Waterwillow is a clump-forming shrubby perennial that grows in swamps or shallow water. The stems are arching, angular, smooth and woody near the base, and up to eight feet (2.4 m) tall. They sometimes root at the tip when they bough over and touch the mud. The leaves are lanceolate, either in opposite pairs or in whorls of three or four. They are up to five inches (130 mm) long and one inch (25 mm) wide, smooth above and hairy beneath, on very short stalks. The rose-pink flowers grow in axillary clusters. The calyx is cup shaped, the corolla under one inch (25 mm) wide with usually five petals narrowing at the base. The ten stamens are projecting with five longer than the rest. There is one pistil, one style and a superior ovary. The fruit is a spherical dark brown capsule with numerous reddish seeds. Flowering takes place in June and July.[2][3][4]

Habitat

Waterwillow is found in swampland, in ditches, besides streams and in shallow water at the edges of ponds and lakes.
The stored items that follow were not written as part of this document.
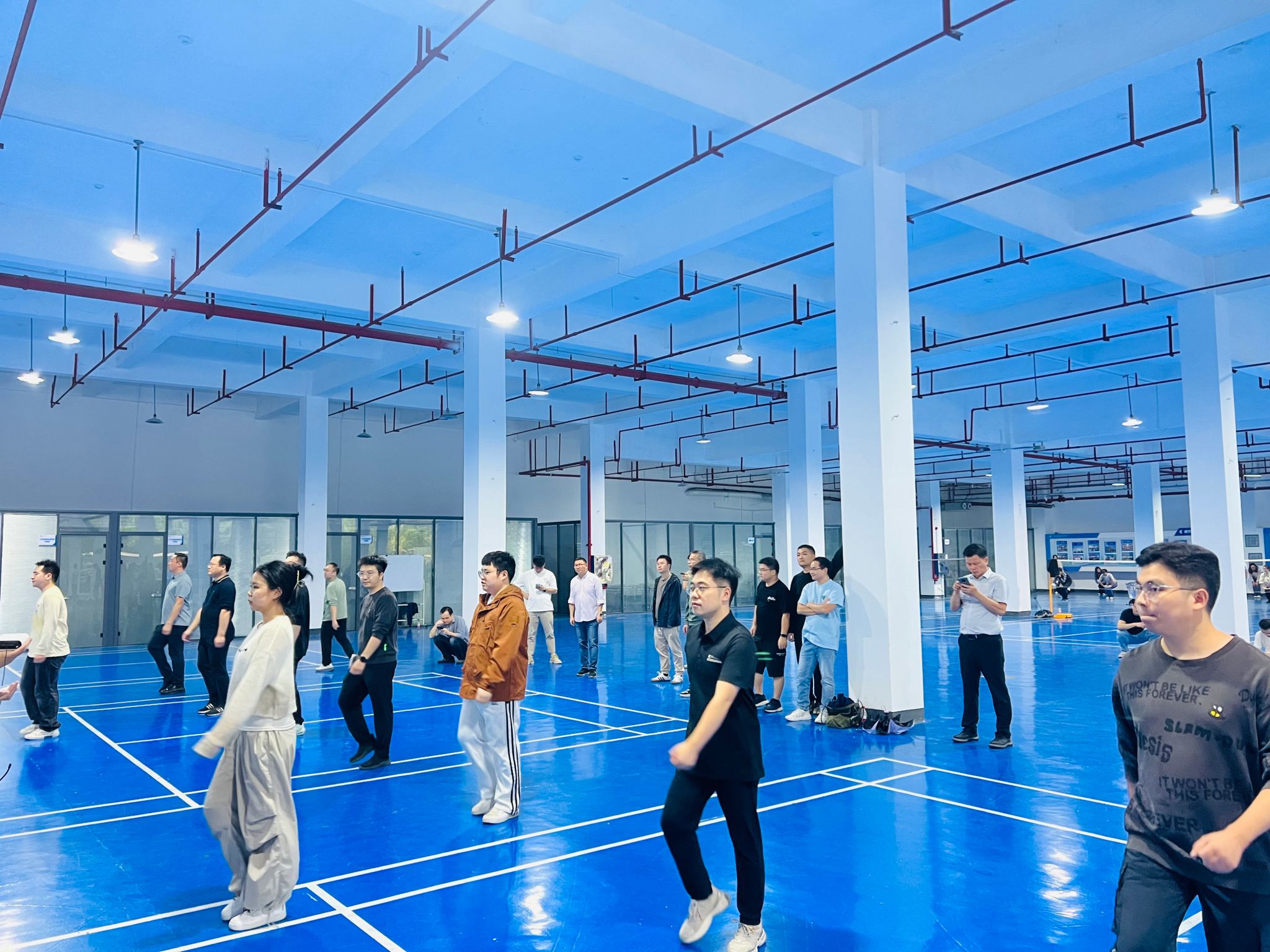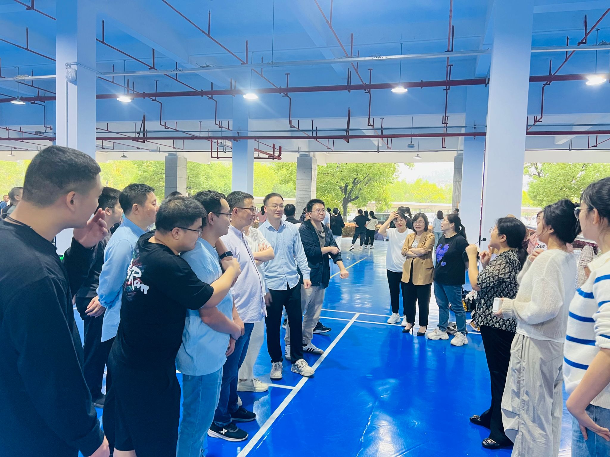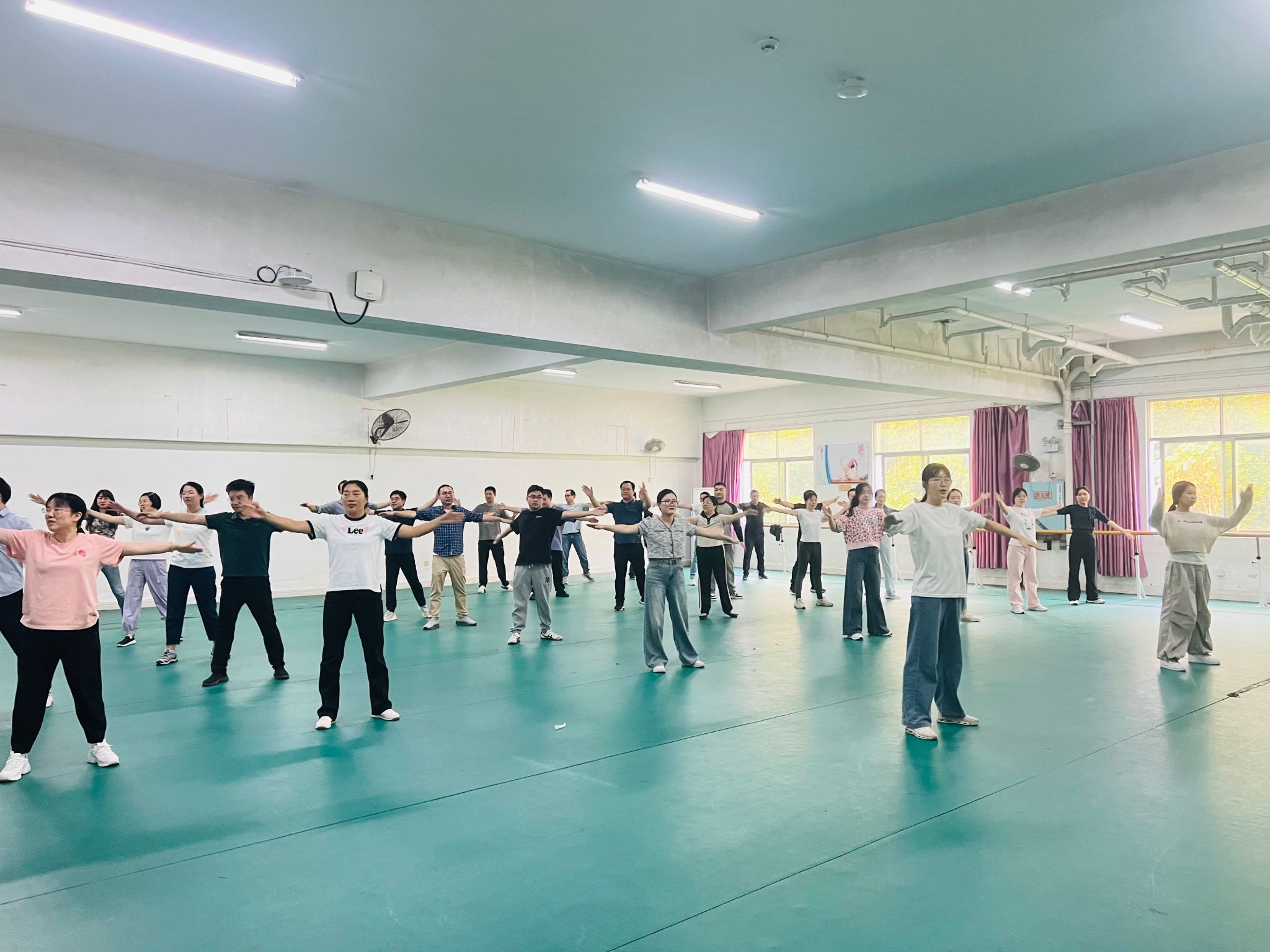 比赛前,学院领导和院分工会高度重视,通过精心策划、广泛动员和充分准备,号召全院教职工积极克服工学矛盾,利用业余时间组织了多次集中训练和彩排。领操人员详细地对第九套广播体操的每一节动作进行了分步讲解,并亲自示范正确的姿势和动作轨迹,确保每一位在场的教职工都能准确掌握动作要领。在领操人员耐心指导下,采取互促帮教模式,逐节细抠每一个动作,一排一排指导验收,参赛教职工的动作逐渐变得规范起来,每一步都凝聚着全院教职工的付出与汗水。
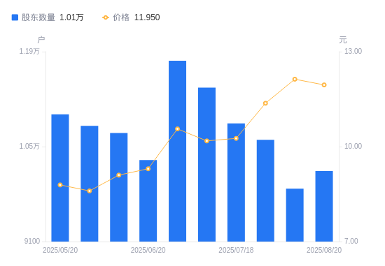 近一年(2024年8月20日至2025年8月20日),森赫股份A股股东户数从1.24万户,减低至1.01万户,降幅18.48%,区间股价上涨77.56%。
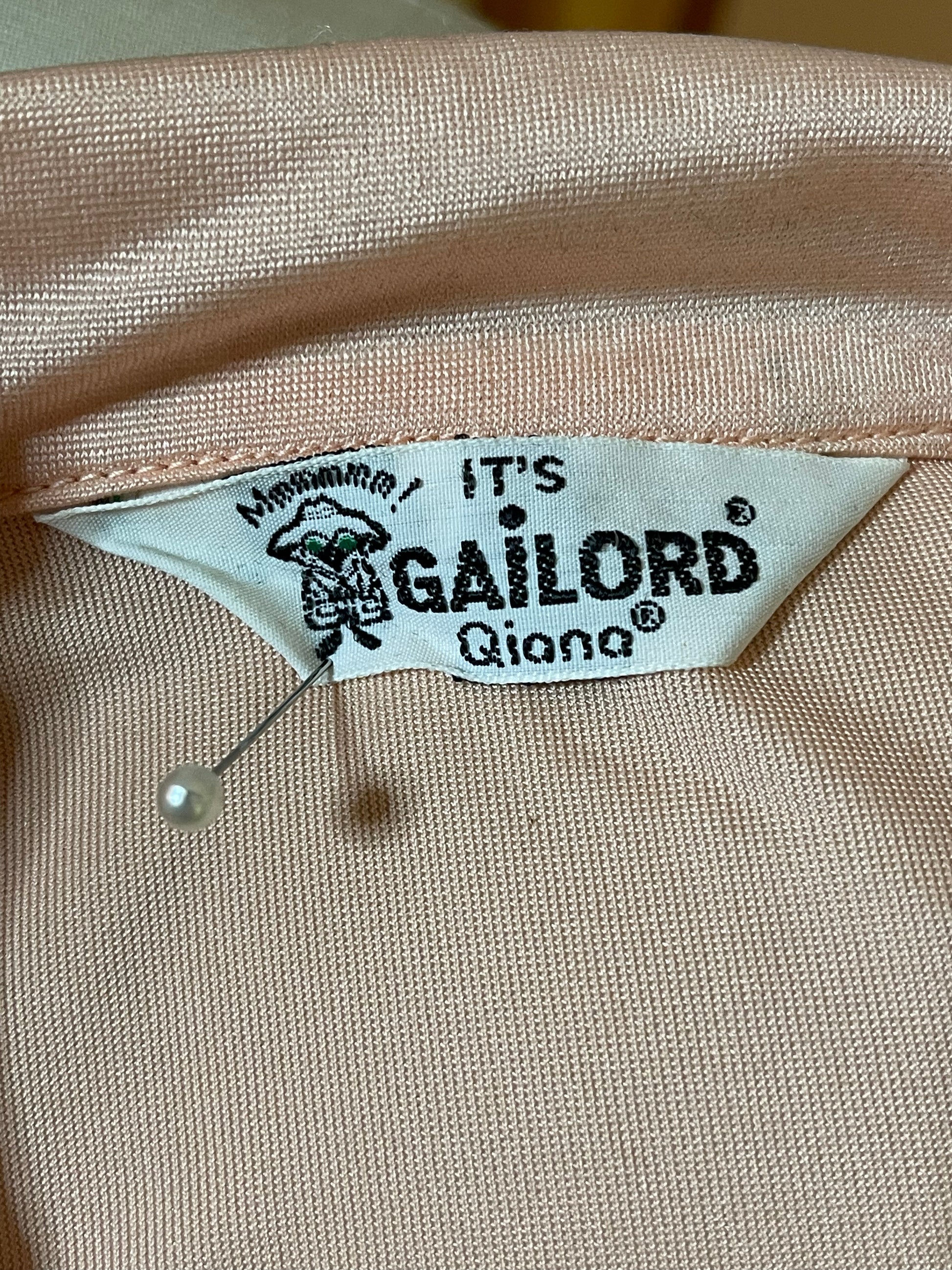 This is a lightweight polyester peach colored blouse. Labeled It’s Gailord and in excellent vintage condition.
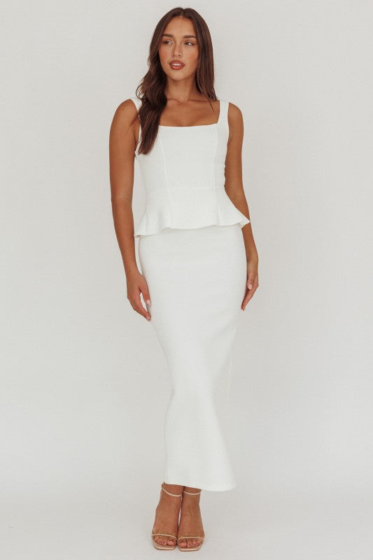 The skirt is a matching white, form-fitting design that extends to mid-calf, creating a sleek and elegant silhouette.
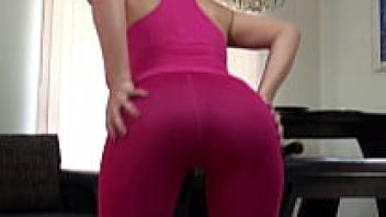 For the first time, a young girl tries a thick cock in her ass while wearing leggings with a flawless ass. -pov anal
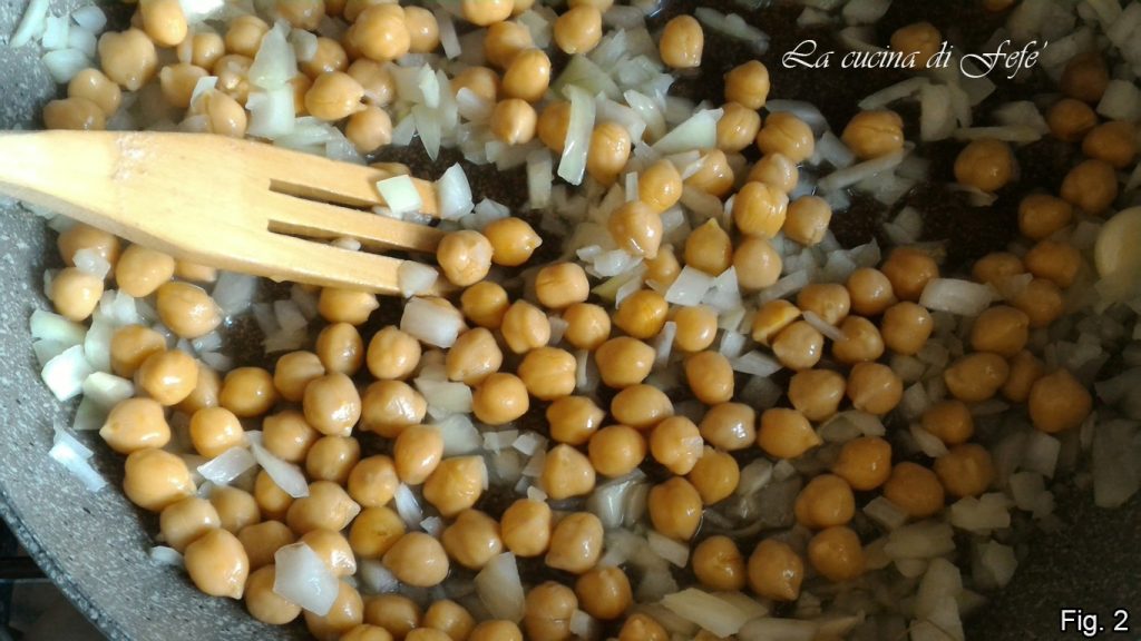 Auberginen abgießen und beiseite stellen. Im selben Wok lassen Sie eine Knoblauchzehe goldbraun werden und die fein gehackte Zwiebel weich werden. Nach 2 Minuten, fügen Sie die in Brunoise geschnittenen Karotten und die abgespülten und gut abgetropften Kichererbsen hinzu.

It often forms thickets and occurs in the United States from Maine to Florida and west to Minnesota, Tennessee and Louisiana, as well as in eastern Canada.[5]

Fossil record

Seeds of Decodon from the late Campanian (73.5 MA) of northern Mexico are the earliest fossil record of the genus.[6] A "whole plant" description has been give for the Ypresian age Decodon allenbyensis described from the Eocene Okanagan Highlands Princeton Chert site.[7][8] Seeds of the genus are known in Europe from Pliocene to lower Pleistocene. These seeds are assigned to an extinct species, D. globosus. A seed very similar to the modern American species has been found in sediments from Ipswichian in Ireland, and it is possible that the plant survived until the last interglacial in western Europe.[9]